Can the Transformer be viewed as a special case of a Graph Neural Network (GNN)?

A natural language text can be seen as a knowledge graph

By Taewoon Kim

In recent years, Transformers have dominated the field of natural language processing (NLP), while Graph Neural Networks (GNNs) have proven essential for tasks involving graph-structured data. Interestingly, the Transformer can be seen as a special case of GNNs, particularly as an attention-based GNN. This connection emerges when we treat natural language as graph data, where tokens (words) are nodes, and their sequential relationships form edges.
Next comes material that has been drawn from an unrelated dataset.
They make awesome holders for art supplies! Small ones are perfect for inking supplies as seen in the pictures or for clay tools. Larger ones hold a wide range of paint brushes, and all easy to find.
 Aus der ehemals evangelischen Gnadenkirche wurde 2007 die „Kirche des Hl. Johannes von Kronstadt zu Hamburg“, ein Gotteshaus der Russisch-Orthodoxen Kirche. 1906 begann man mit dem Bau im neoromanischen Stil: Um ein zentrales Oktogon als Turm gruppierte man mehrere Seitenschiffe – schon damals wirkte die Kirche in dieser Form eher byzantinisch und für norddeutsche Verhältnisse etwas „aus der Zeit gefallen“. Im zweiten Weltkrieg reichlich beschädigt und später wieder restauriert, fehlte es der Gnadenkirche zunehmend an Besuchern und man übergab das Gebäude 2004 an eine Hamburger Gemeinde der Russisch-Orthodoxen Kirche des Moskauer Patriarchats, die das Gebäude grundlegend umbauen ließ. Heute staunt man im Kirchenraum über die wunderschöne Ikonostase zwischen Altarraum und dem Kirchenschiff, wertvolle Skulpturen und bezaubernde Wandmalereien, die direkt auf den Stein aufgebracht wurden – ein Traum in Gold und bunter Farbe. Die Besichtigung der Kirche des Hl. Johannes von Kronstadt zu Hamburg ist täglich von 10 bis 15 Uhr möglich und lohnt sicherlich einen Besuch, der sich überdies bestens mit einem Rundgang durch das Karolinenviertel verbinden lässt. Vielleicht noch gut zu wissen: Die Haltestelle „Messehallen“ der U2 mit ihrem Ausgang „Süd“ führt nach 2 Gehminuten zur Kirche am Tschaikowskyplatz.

In this post, we’ll explore how the Transformer fits into the broader class of GNNs, with an emphasis on the mathematical framework and how natural language sequences can be viewed as a specific case of graph-structured data.

What Are Graph Neural Networks?

Graph Neural Networks (GNNs) are designed to process graph-structured data. A graph \(G = (V, E)\) consists of:

  • Nodes \(V\) (vertices), which represent entities, and
  • Edges \(E\) (connections between nodes), which represent relationships between these entities.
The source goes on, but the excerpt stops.